__Description of the task__.
Below are some records: retype them all exactly, but not the pictures.

__Given entries__.
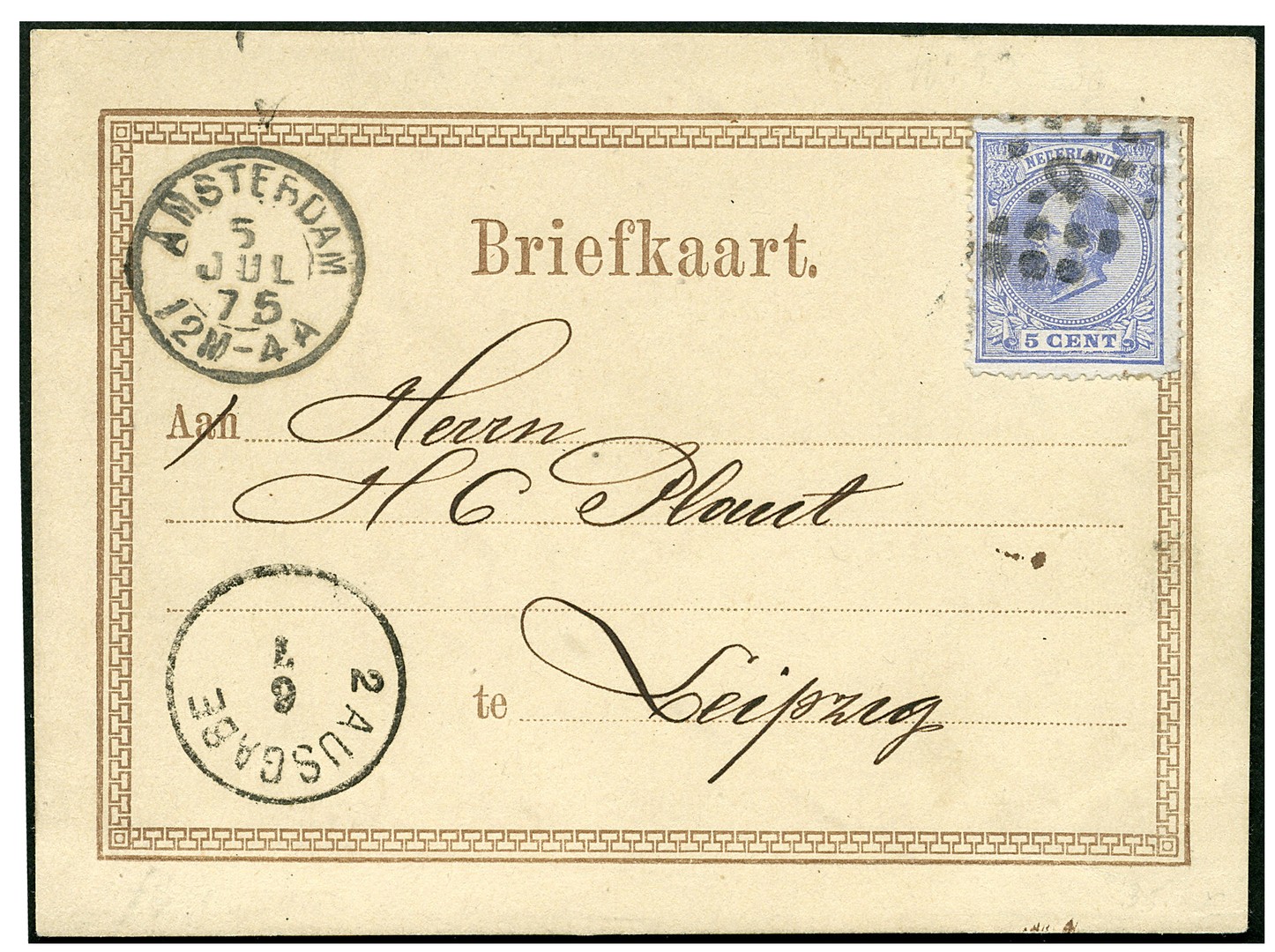 Briefkaartformulier II gefr. met 5c van Amsterdam 5-7-1875 naar Leipzig 6-7 (razendsnelle verzending). € 250
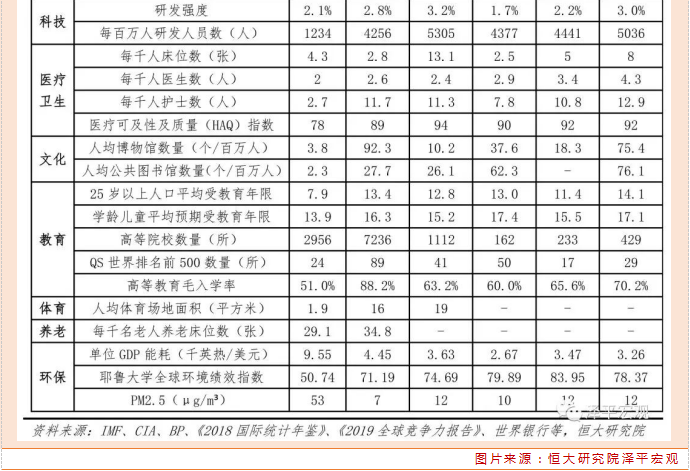 相比其他发达经济体,我国还有很多领域需要“补短板”,否则可能会限制“新经济”的发展空间和速度。据恒大研究院泽平宏观的数据,可以看到我国的交通、能源等虽然总量可观,但人均后的差距很大;通信覆盖率也明显落后;研发人员占比仍有数倍的差距;文化、教育、体育等人均资源严重不足等。
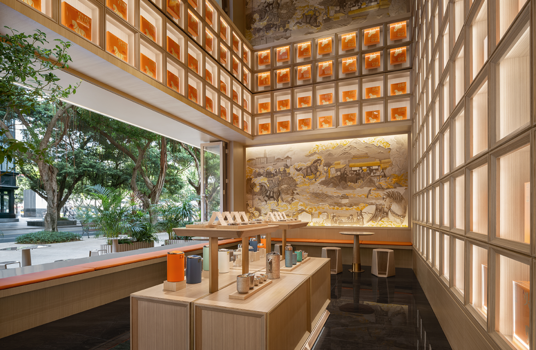 当天的采访,就是在八马的新型旗舰店“国茶馆”里进行的,店内大概600平方米,上下两层,对面就是平安金融中心,所以这里主要面向商务场景,9间茶室大小不一,装修风格也不尽相同:有的幽静典雅,有的端庄大气,还有一个可容纳十余人的会议室,以及一间可供用餐的包厢。
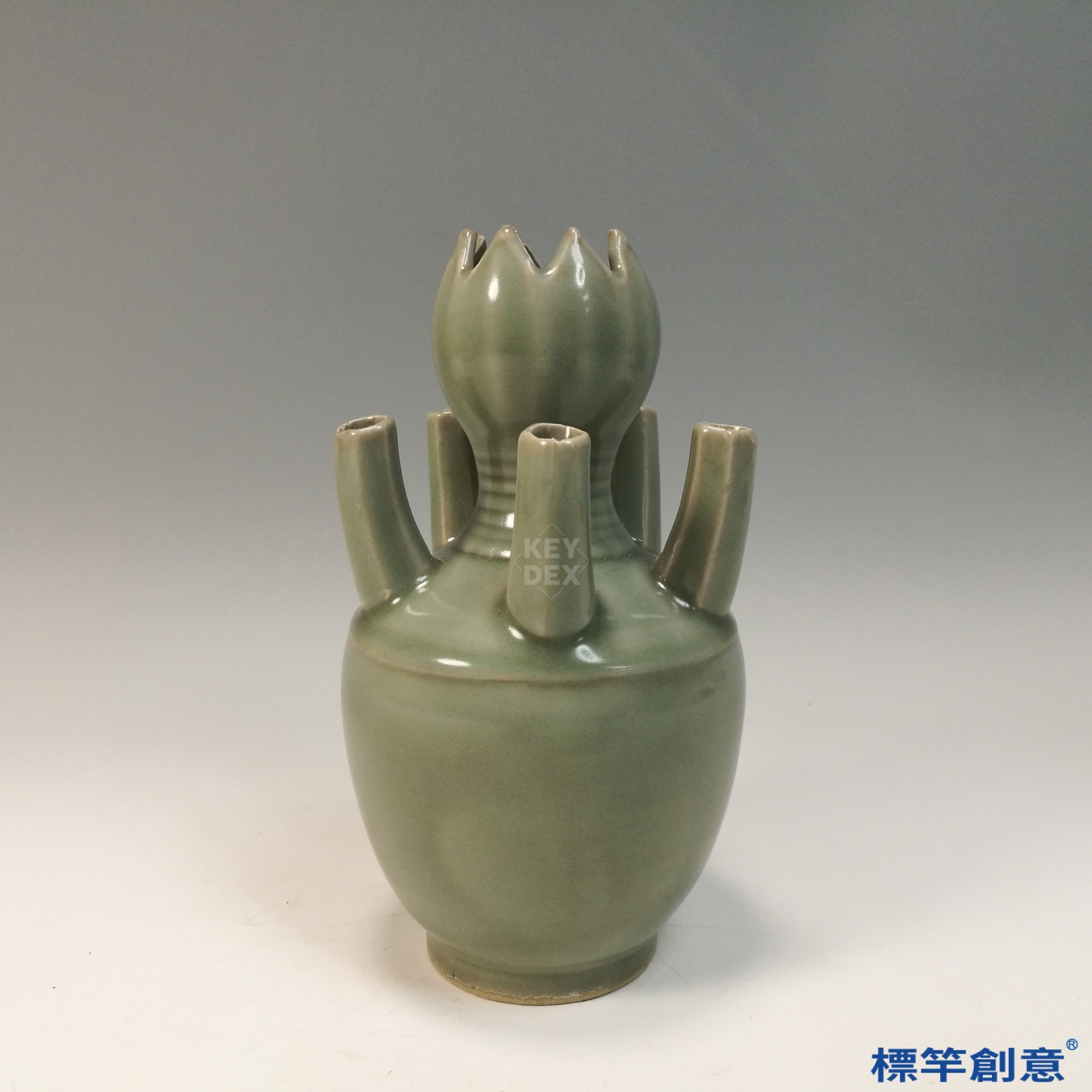五管瓶為宋代罕見造形之一,結合宗教與文人審美趣味,具備造形創新與技術難度,為龍泉窯器物中別具代表性的花器類作品,具有高度藝術與學術研究價值。
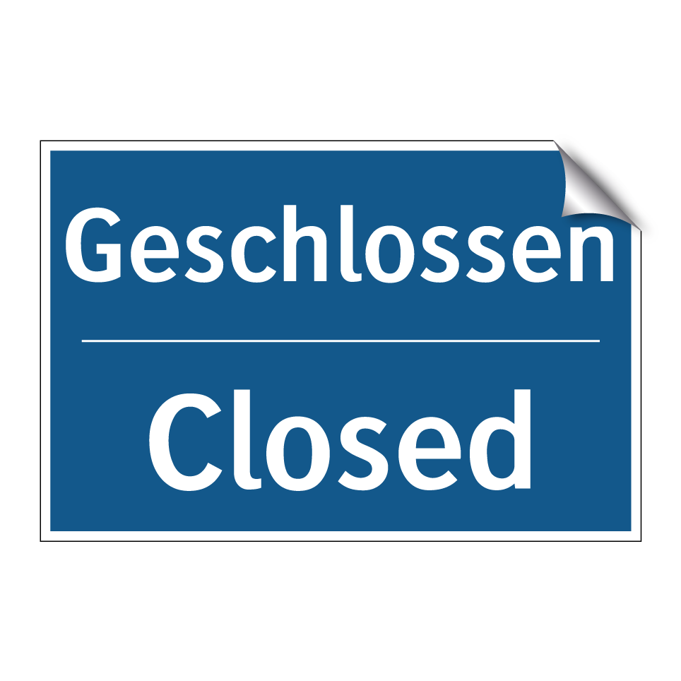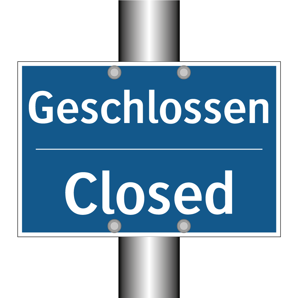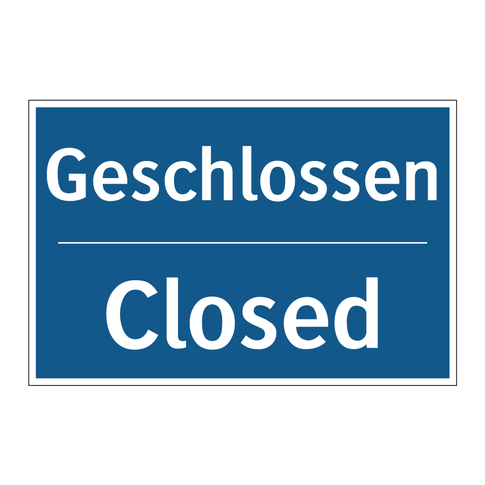 Zweisprachiges Verbotsschild mit deutschem Text Geschlossen und englischem Text Closed
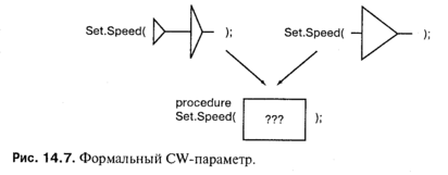 цедуры; формальный параметр имеет тип класса, который соответствует фактическому параметру любого типа, относящегося к классу. Что касается рис. 14.7, то, если бы объявление Set_Speed было задано как:
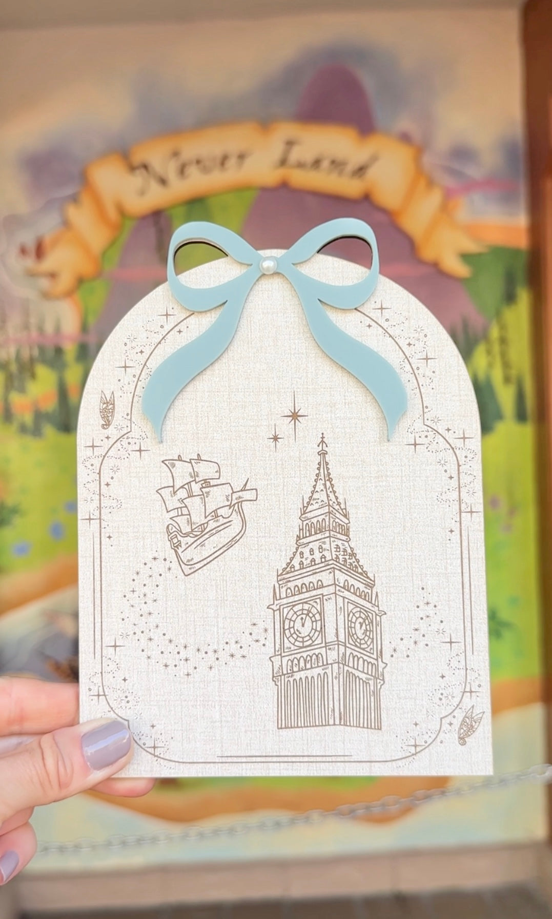 ✦Made of engraved linen finish wood veneer and light teal green, cream, or blue acrylic bow with pearl
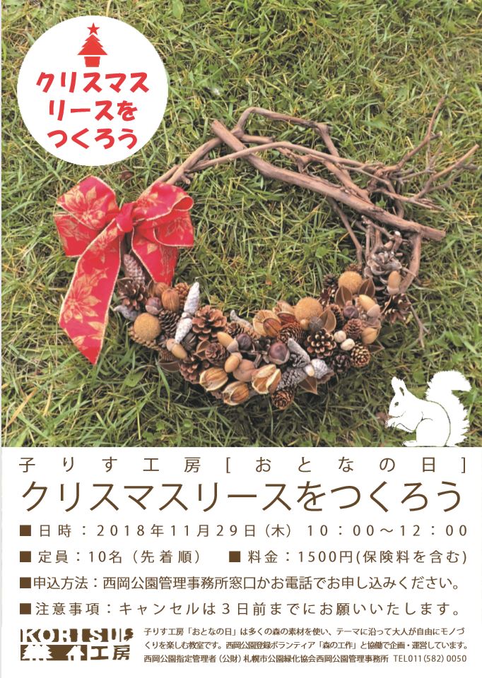 『クリスマスリースをつくろう』をテーマに、毎年西岡公園の豊富な木の実や松ぼっくりを使ってオリジナルのクリスマスリースを皆さんと一緒に作ります。
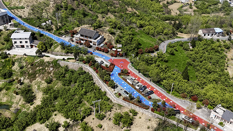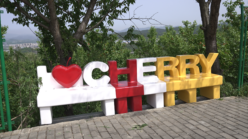 在八里村櫻桃園記者看到,修葺一新的園道路整齊的標線加上櫻桃與櫻花彩繪,讓一條普通的路也充滿童趣與生機;道路兩旁清晰醒目的指引標識隨處可見,充滿櫻桃元素的主題休息區、休息椅科學散布在園區內,為游客提供了兼具美觀與實用的歇腳之地。
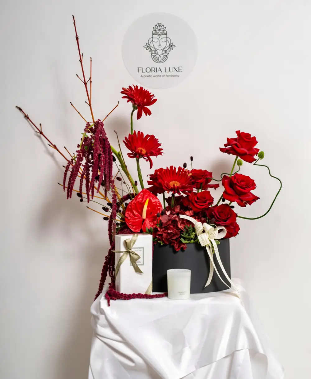 Make a lasting impression with this Luxury Red Bloom Designer Flower Arrangement, thoughtfully handcrafted for those who appreciate elegance with a modern artistic touch. Featuring a stunning mix of premium red roses, gerbera-style blooms, exotic foliage, and textured elements, this arrangement blends romance with contemporary floral design.
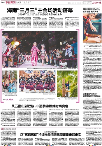 今年的“三月三”活动,以“铸牢中华民族共同体意识 共绘民族团结进步新画卷”为主题,在五指山市主会场以及海口市、三亚市、东方市、省政府驻京办等16个分会场相继组织了多项内容丰富、内涵深刻、形式新颖的活动,有力促进文旅融合,拉动旅游消费,助力全省一季度“开门红”,为各族同胞和八方宾朋奉献了一场主线聚焦、精彩纷呈、热烈祥和的民族文化盛宴和民族团结盛会。
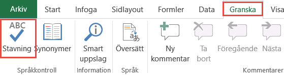 - På fliken Granska (Review), klicka på knappen Stavning (Spelling). Eller kortkommandot F7
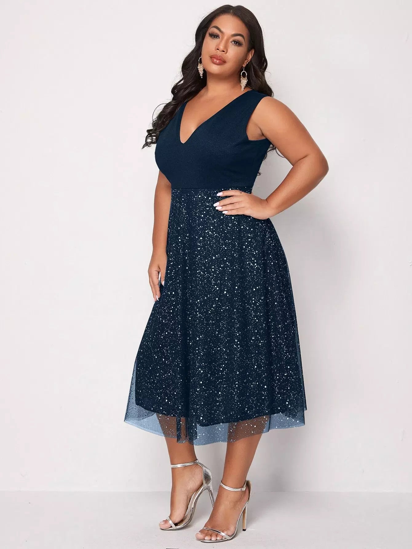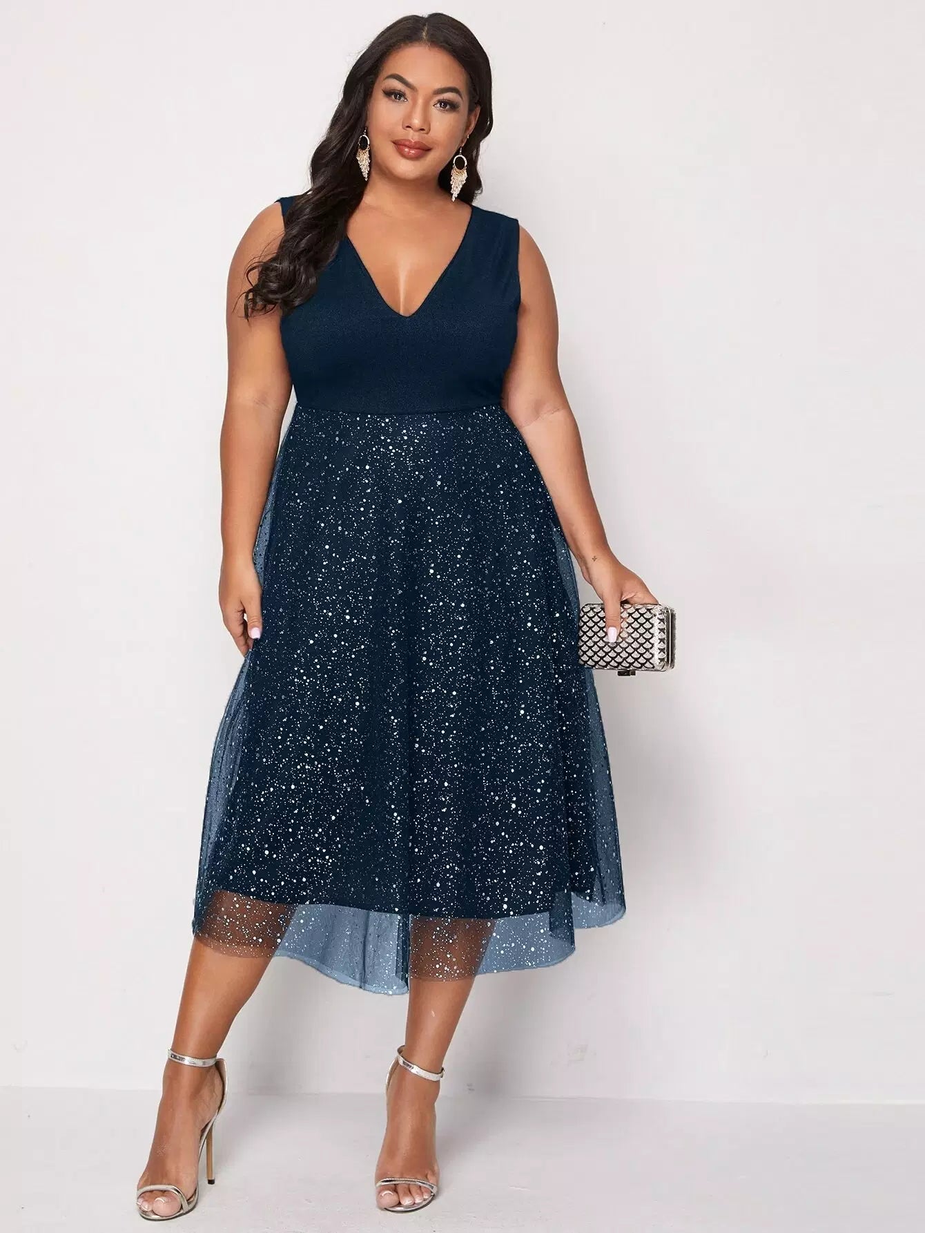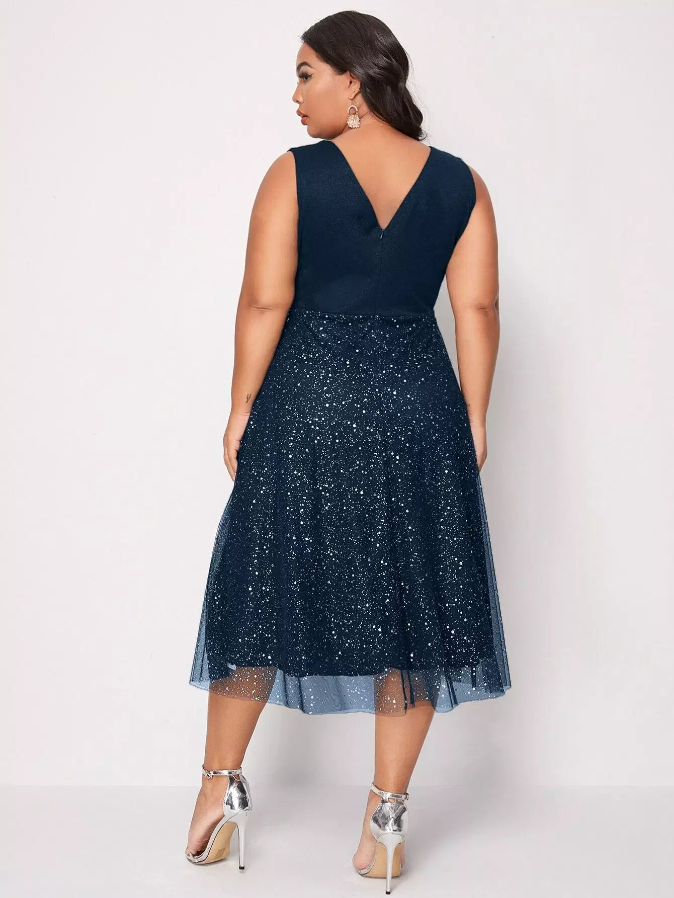 فستان ميدي شبكي متوسط الطول بياقة على شكل V مزدوجة بلون مغاير
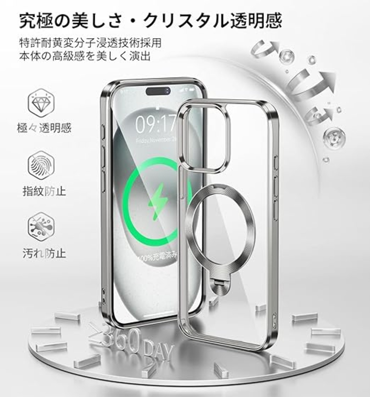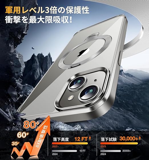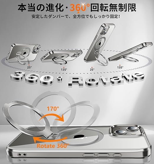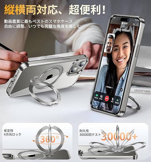 【本当の進化・360°定点回転神スタンド】このiPhone 15ケースは革新的な360度定点回転スタンドを採用し、縦置き・横置きどちらでも0°から170°まで自由に調整できます。iPhone 15専用設計で、ビデオ通話や映画鑑賞時に両手を完全に解放し、快適な使い心地を存分に与えます。このアイホン15ケースのヒンジは強化航空材料を使用して改良されており、耐久性と安定性に優れ、リングの緩みや破損のリスクを完全に解消しました。30,000回の耐久テストをクリアし、耐久性は通常製品より80%に向上!さら
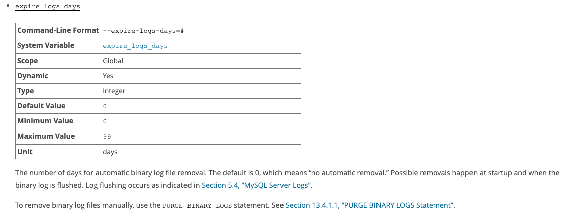 → mysql 5.7.17 'expire_logs_days' docs (참고로, mysql 8 버전에서는 binlog_expire_logs_seconds 변수로 '초'단위로 설정한다.)
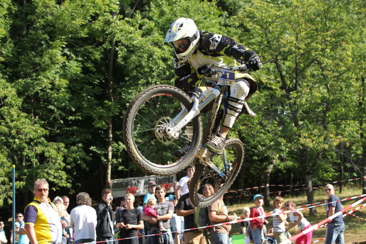 Die Tagesbestzeit fuhr jedoch mit 1:35.909 Erik Irmisch aus dem sächsischen Lößnitz ein. Dies war nicht ganz überraschend, denn der 24-Jährige ist seit Jahren auch auf internationalen Rennen unterwegs und ist deshalb ein erfahrener Downhill-Fahrer. Doch auch der neue Bayerische Meister Felix Wunderlich aus München kam gerade mit einem 54. Platz von der Downhill-Weltmeisterschaft im österreichischen Leogang zurück und wurde bereits im Vorfeld als der Favorit auf den Meistertitel gehandelt.
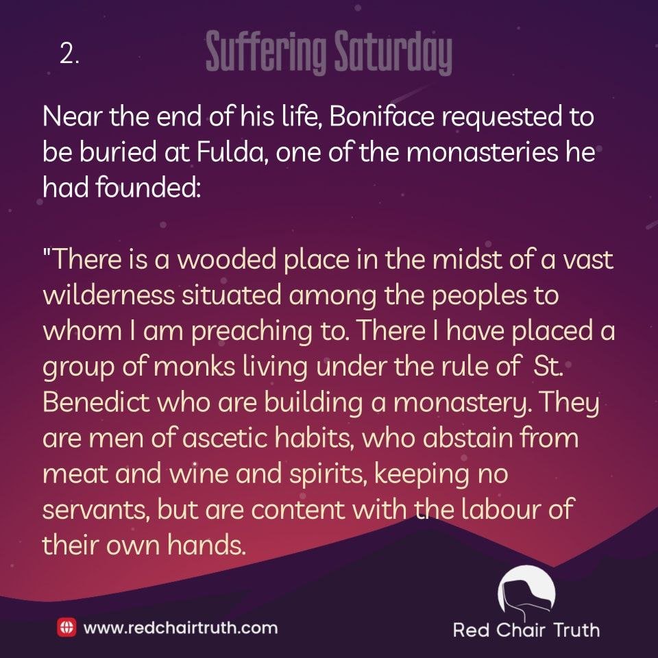 Near the end of his life, Boniface requested to be buried at Fulda, one of the monasteries he had founded: “There is a wooded place in the midst of a vast wilderness situated among the peoples to whom I am preaching to. There I have placed a group of monks living under the rule of St. Benedict who are building a monastery. They are men of ascetic habits, who abstain from meat and wine and spirits, keeping no servants, but are content with the labour of their own hands.

__Result of this task__.
 Briefkaartformulier II gefr. met 5c van Amsterdam 5-7-1875 naar Leipzig 6-7 (razendsnelle verzending). € 250
 相比其他发达经济体,我国还有很多领域需要“补短板”,否则可能会限制“新经济”的发展空间和速度。据恒大研究院泽平宏观的数据,可以看到我国的交通、能源等虽然总量可观,但人均后的差距很大;通信覆盖率也明显落后;研发人员占比仍有数倍的差距;文化、教育、体育等人均资源严重不足等。
 当天的采访,就是在八马的新型旗舰店“国茶馆”里进行的,店内大概600平方米,上下两层,对面就是平安金融中心,所以这里主要面向商务场景,9间茶室大小不一,装修风格也不尽相同:有的幽静典雅,有的端庄大气,还有一个可容纳十余人的会议室,以及一间可供用餐的包厢。
五管瓶為宋代罕見造形之一,結合宗教與文人審美趣味,具備造形創新與技術難度,為龍泉窯器物中別具代表性的花器類作品,具有高度藝術與學術研究價值。
 Zweisprachiges Verbotsschild mit deutschem Text Geschlossen und englischem Text Closed
 цедуры; формальный параметр имеет тип класса, который соответствует фактическому параметру любого типа, относящегося к классу. Что касается рис. 14.7, то, если бы объявление Set_Speed было задано как:
 ✦Made of engraved linen finish wood veneer and light teal green, cream, or blue acrylic bow with pearl
 『クリスマスリースをつくろう』をテーマに、毎年西岡公園の豊富な木の実や松ぼっくりを使ってオリジナルのクリスマスリースを皆さんと一緒に作ります。
 在八里村櫻桃園記者看到,修葺一新的園道路整齊的標線加上櫻桃與櫻花彩繪,讓一條普通的路也充滿童趣與生機;道路兩旁清晰醒目的指引標識隨處可見,充滿櫻桃元素的主題休息區、休息椅科學散布在園區內,為游客提供了兼具美觀與實用的歇腳之地。
 Make a lasting impression with this Luxury Red Bloom Designer Flower Arrangement, thoughtfully handcrafted for those who appreciate elegance with a modern artistic touch. Featuring a stunning mix of premium red roses, gerbera-style blooms, exotic foliage, and textured elements, this arrangement blends romance with contemporary floral design.
 今年的“三月三”活动,以“铸牢中华民族共同体意识 共绘民族团结进步新画卷”为主题,在五指山市主会场以及海口市、三亚市、东方市、省政府驻京办等16个分会场相继组织了多项内容丰富、内涵深刻、形式新颖的活动,有力促进文旅融合,拉动旅游消费,助力全省一季度“开门红”,为各族同胞和八方宾朋奉献了一场主线聚焦、精彩纷呈、热烈祥和的民族文化盛宴和民族团结盛会。
 - På fliken Granska (Review), klicka på knappen Stavning (Spelling). Eller kortkommandot F7
 فستان ميدي شبكي متوسط الطول بياقة على شكل V مزدوجة بلون مغاير
 【本当の進化・360°定点回転神スタンド】このiPhone 15ケースは革新的な360度定点回転スタンドを採用し、縦置き・横置きどちらでも0°から170°まで自由に調整できます。iPhone 15専用設計で、ビデオ通話や映画鑑賞時に両手を完全に解放し、快適な使い心地を存分に与えます。このアイホン15ケースのヒンジは強化航空材料を使用して改良されており、耐久性と安定性に優れ、リングの緩みや破損のリスクを完全に解消しました。30,000回の耐久テストをクリアし、耐久性は通常製品より80%に向上!さら
 → mysql 5.7.17 'expire_logs_days' docs (참고로, mysql 8 버전에서는 binlog_expire_logs_seconds 변수로 '초'단위로 설정한다.)
 Die Tagesbestzeit fuhr jedoch mit 1:35.909 Erik Irmisch aus dem sächsischen Lößnitz ein. Dies war nicht ganz überraschend, denn der 24-Jährige ist seit Jahren auch auf internationalen Rennen unterwegs und ist deshalb ein erfahrener Downhill-Fahrer. Doch auch der neue Bayerische Meister Felix Wunderlich aus München kam gerade mit einem 54. Platz von der Downhill-Weltmeisterschaft im österreichischen Leogang zurück und wurde bereits im Vorfeld als der Favorit auf den Meistertitel gehandelt.
 Near the end of his life, Boniface requested to be buried at Fulda, one of the monasteries he had founded: “There is a wooded place in the midst of a vast wilderness situated among the peoples to whom I am preaching to. There I have placed a group of monks living under the rule of St. Benedict who are building a monastery. They are men of ascetic habits, who abstain from meat and wine and spirits, keeping no servants, but are content with the labour of their own hands.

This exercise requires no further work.